# [Task to carry out]
Within the entries below, the lines from the one with "тунец, икра летучей" through the one with "నకిరేకల్ అక్షయ ప్రతినిధి" are to be set down exactly, both ends kept.
BEGIN Excerpted data
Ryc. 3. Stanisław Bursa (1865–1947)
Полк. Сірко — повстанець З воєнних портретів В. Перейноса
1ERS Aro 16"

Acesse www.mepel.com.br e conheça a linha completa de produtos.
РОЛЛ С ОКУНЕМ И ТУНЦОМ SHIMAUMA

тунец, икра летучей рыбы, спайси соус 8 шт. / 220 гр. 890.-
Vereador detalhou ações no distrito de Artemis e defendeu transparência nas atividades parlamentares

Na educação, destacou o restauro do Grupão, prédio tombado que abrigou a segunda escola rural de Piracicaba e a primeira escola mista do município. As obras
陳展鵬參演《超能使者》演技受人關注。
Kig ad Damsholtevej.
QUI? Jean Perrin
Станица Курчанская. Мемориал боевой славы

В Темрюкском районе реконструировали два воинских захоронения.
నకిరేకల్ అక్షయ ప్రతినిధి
END Excerpted data
BEGIN Excerpted data
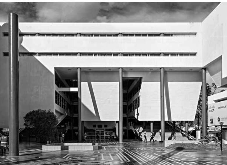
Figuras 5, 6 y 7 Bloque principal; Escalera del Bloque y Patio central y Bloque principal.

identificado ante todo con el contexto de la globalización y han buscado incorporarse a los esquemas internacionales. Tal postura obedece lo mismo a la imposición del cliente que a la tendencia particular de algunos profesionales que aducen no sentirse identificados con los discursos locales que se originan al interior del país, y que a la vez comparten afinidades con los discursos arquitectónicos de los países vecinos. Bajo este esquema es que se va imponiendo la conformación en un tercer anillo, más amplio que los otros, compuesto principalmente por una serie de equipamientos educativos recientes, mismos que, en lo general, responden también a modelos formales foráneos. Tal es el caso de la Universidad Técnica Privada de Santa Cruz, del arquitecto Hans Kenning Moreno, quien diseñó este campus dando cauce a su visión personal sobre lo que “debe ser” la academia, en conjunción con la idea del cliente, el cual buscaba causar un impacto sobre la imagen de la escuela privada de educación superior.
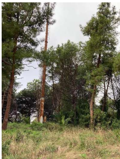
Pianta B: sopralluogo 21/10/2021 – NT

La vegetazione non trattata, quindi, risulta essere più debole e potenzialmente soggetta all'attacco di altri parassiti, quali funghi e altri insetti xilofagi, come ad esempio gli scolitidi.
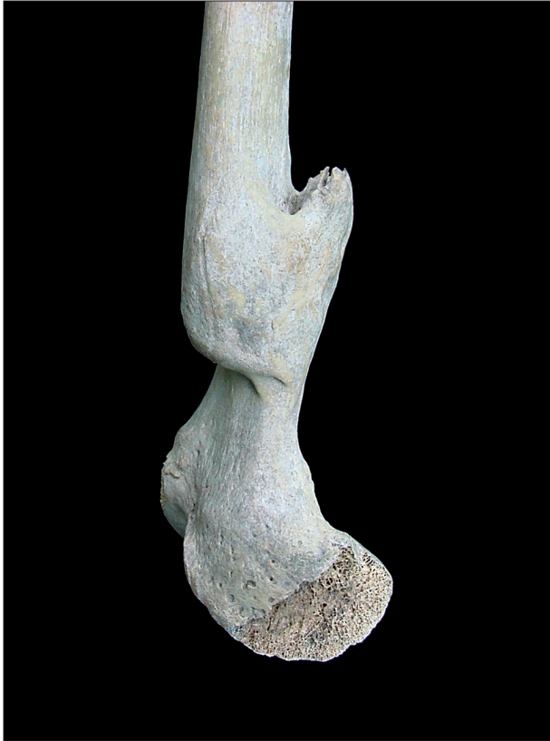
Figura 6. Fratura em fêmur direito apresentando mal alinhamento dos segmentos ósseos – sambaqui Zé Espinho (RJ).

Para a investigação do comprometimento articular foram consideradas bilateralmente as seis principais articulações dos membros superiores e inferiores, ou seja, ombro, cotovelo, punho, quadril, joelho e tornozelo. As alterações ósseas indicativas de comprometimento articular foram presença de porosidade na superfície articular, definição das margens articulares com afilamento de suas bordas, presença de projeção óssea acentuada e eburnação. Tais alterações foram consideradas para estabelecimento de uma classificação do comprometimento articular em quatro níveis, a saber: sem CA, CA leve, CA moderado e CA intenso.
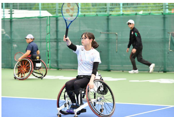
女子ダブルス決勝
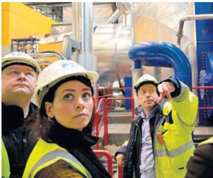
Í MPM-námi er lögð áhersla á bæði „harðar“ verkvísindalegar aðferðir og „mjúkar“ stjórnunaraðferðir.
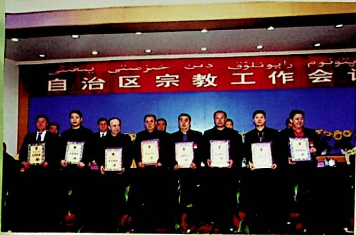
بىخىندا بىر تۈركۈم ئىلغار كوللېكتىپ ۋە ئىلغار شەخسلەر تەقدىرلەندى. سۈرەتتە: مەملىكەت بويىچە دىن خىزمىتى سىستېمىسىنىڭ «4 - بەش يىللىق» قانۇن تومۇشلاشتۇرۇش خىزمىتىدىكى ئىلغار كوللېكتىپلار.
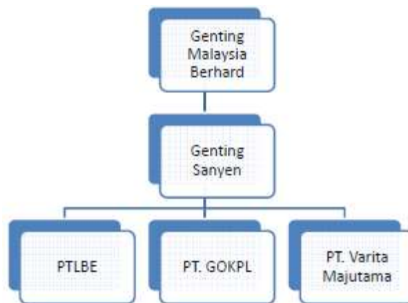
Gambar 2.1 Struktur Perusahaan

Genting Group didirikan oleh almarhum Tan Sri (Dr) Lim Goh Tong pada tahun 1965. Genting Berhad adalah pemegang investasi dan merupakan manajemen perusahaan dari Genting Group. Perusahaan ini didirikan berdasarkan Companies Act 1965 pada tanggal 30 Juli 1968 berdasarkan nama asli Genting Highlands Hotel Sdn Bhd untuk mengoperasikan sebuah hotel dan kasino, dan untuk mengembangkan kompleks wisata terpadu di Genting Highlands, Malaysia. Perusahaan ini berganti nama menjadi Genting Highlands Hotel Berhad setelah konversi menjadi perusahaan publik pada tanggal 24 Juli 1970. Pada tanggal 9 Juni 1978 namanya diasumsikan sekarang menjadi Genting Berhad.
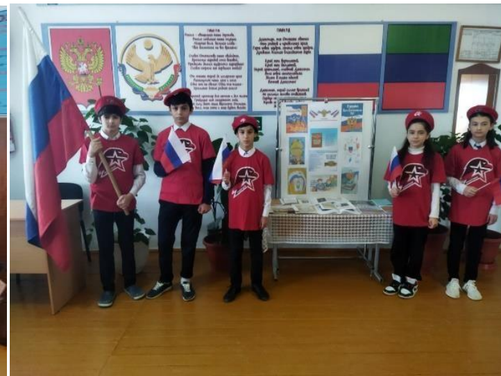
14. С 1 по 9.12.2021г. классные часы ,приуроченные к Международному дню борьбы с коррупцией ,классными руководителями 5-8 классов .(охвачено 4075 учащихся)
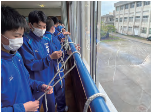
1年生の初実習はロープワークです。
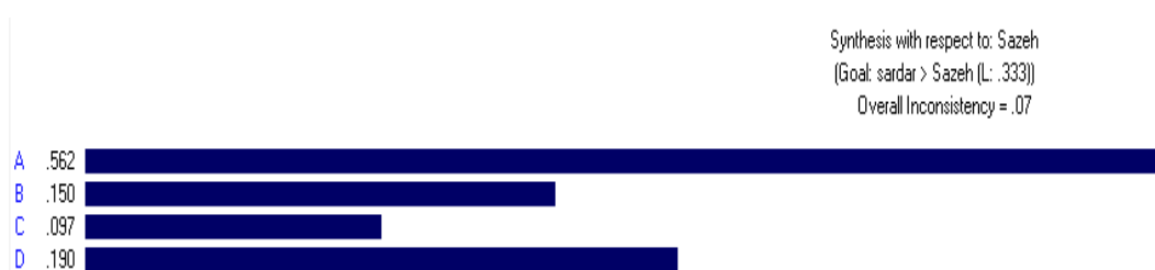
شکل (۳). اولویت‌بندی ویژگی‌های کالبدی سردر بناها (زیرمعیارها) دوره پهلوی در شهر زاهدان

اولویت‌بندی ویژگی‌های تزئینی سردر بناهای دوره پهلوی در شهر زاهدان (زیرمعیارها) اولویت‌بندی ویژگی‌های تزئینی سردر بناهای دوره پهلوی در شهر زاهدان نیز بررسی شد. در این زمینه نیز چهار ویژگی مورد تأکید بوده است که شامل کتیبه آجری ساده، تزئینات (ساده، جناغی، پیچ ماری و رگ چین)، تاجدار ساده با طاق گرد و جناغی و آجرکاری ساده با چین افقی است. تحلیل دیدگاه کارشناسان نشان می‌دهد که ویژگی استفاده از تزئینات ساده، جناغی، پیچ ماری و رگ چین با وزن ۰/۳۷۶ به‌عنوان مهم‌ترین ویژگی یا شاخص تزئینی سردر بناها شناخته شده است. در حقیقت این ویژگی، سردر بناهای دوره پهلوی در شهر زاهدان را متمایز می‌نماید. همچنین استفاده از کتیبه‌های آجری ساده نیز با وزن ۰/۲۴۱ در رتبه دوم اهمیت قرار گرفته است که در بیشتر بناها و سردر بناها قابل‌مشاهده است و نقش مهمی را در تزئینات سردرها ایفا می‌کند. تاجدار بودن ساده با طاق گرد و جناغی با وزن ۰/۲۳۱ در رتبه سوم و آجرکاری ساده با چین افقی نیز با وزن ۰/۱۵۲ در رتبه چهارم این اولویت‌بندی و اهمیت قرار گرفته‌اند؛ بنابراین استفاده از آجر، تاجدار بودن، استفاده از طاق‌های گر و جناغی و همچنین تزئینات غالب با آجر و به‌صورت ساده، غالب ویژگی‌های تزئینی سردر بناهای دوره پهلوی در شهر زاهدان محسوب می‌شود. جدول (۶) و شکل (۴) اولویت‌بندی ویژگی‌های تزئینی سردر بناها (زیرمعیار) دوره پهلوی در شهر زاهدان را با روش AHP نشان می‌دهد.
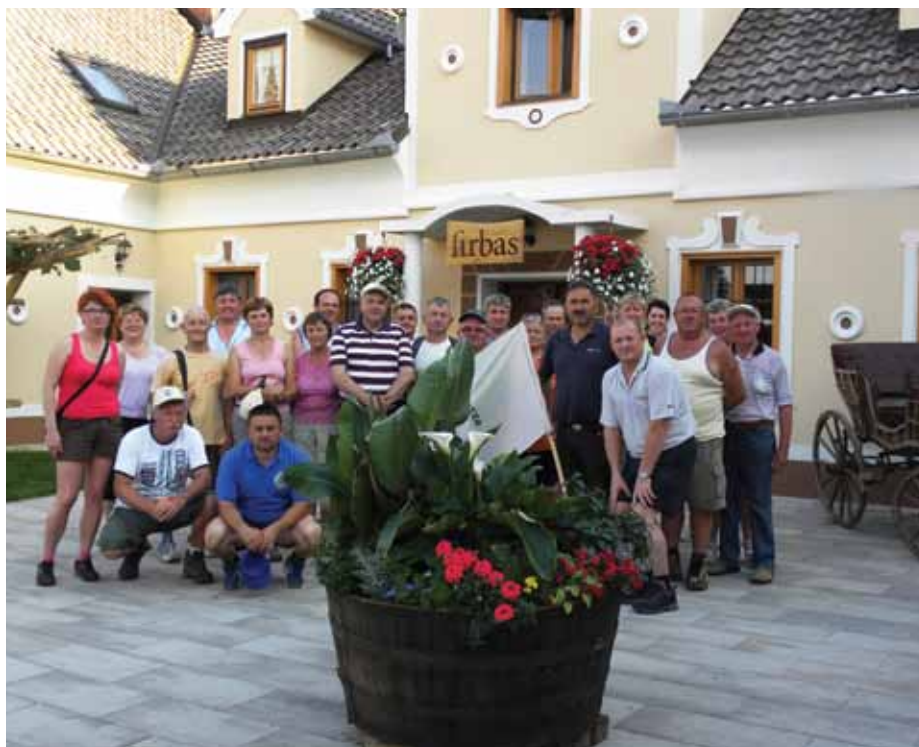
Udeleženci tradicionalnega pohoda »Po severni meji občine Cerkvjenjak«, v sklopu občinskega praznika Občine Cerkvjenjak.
END Excerpted data
# [Response area]
тунец, икра летучей рыбы, спайси соус 8 шт. / 220 гр. 890.-
Vereador detalhou ações no distrito de Artemis e defendeu transparência nas atividades parlamentares

Na educação, destacou o restauro do Grupão, prédio tombado que abrigou a segunda escola rural de Piracicaba e a primeira escola mista do município. As obras
陳展鵬參演《超能使者》演技受人關注。
Kig ad Damsholtevej.
QUI? Jean Perrin
Станица Курчанская. Мемориал боевой славы

В Темрюкском районе реконструировали два воинских захоронения.
నకిరేకల్ అక్షయ ప్రతినిధి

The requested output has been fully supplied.